Namun dia mencatat ketidakkonsistenan dalam menegakkan kebijakan ini di bagian lain dunia, termasuk di rezim otoriter.
"Itu adalah argumen yang sah tentang apakah para pemimpin di beberapa negara ini harus diizinkan untuk memiliki akun ketika warganya tidak, dan tidak dapat mengambil bagian dalam diskusi," kata Schafer.
Perusahaan internet kemungkinan besar akan menghadapi seruan yang meningkat untuk regulasi menyusul gejolak baru-baru ini.
Karen Kornbluh, yang mengepalai inovasi digital dan inisiatif demokrasi di German Marshall Fund, mengatakan setiap perubahan peraturan harus sederhana untuk menghindari pemerintah mengatur pidato online.
Kornbluh mengatakan platform harus memiliki "kode etik" transparan yang membatasi disinformasi dan hasutan untuk kekerasan dan harus dimintai pertanggungjawaban jika mereka gagal untuk memenuhi persyaratan tersebut.
"Saya rasa kami tidak ingin mengatur internet," katanya. "Kami ingin menerapkan perlindungan offline untuk hak individu."

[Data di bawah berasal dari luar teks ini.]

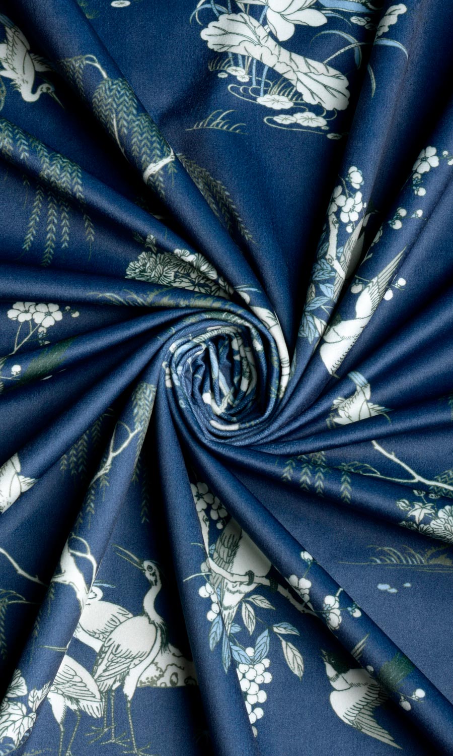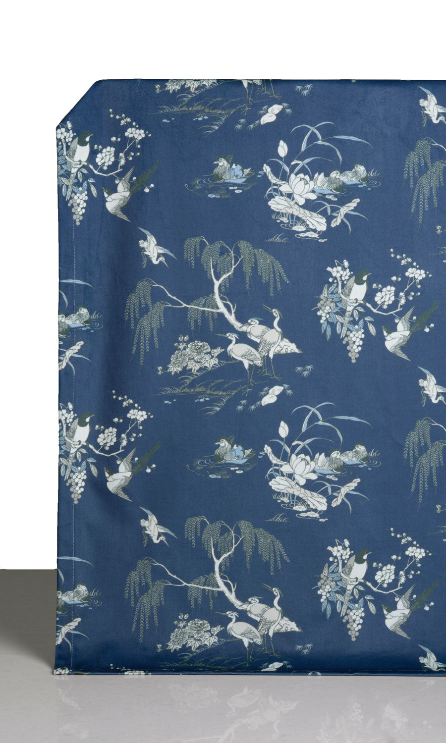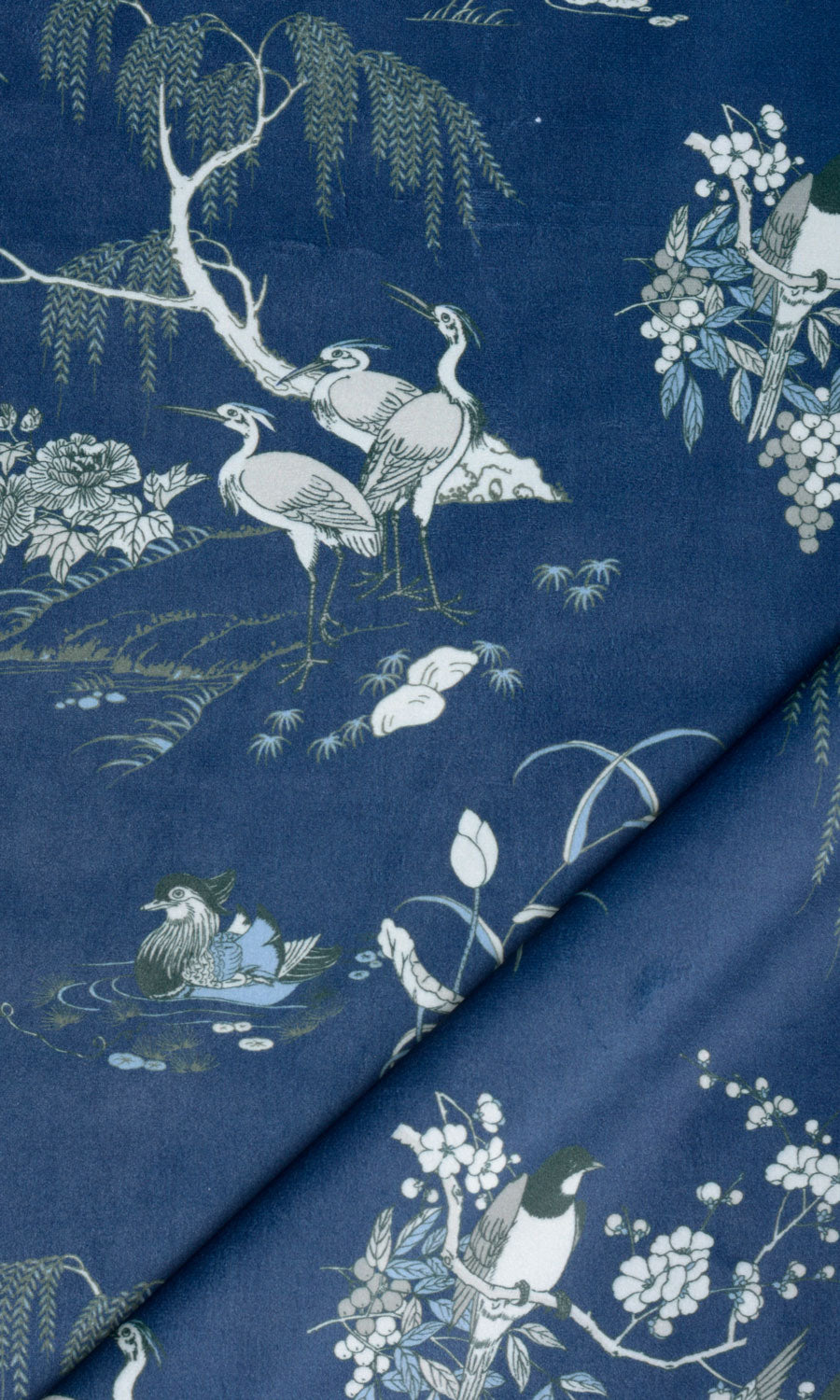 If you love flaunting your love for nature in your home decor, here’s a drapery fabric that can answer the call. Inspired by the classic toile and chinoiserie motifs, this gorgeous velvet print features illustrative sketches of cranes, larks, and swans. Feel drawn to nature’s laps instantly. Curtains and roman shades in this navy blue velvet tinged with white, green, and powder blue accents offer a delightful contrast to light-colored walls.

Platform juga dapat menggunakan "pemutus sirkuit" untuk mencegah konten yang meradang menjadi viral, meniru model yang digunakan di Wall Street untuk ayunan ekstrem.
"Kode seharusnya tidak berfokus pada konten tetapi pada praktik," katanya. "Anda tidak ingin pemerintah memutuskan konten."
Schafer mengutip kebutuhan untuk "beberapa pengawasan algoritmik" dari platform untuk memastikan terhadap bias dan amplifikasi konten inflamasi.
Dia mengatakan undang-undang Pasal 230 yang kontroversial tetap penting dalam memungkinkan platform untuk menghapus konten yang tidak pantas, tetapi tetap menantang "untuk memoderasi dengan cara yang melindungi kebebasan berbicara dan kebebasan sipil."
Daniel Kreiss, seorang profesor dan peneliti di Pusat Informasi, Teknologi, dan Kehidupan Publik Universitas Carolina Utara, mengatakan platform utama "harus membangun kembali kebijakan mereka dari bawah ke atas" sebagai akibat dari krisis.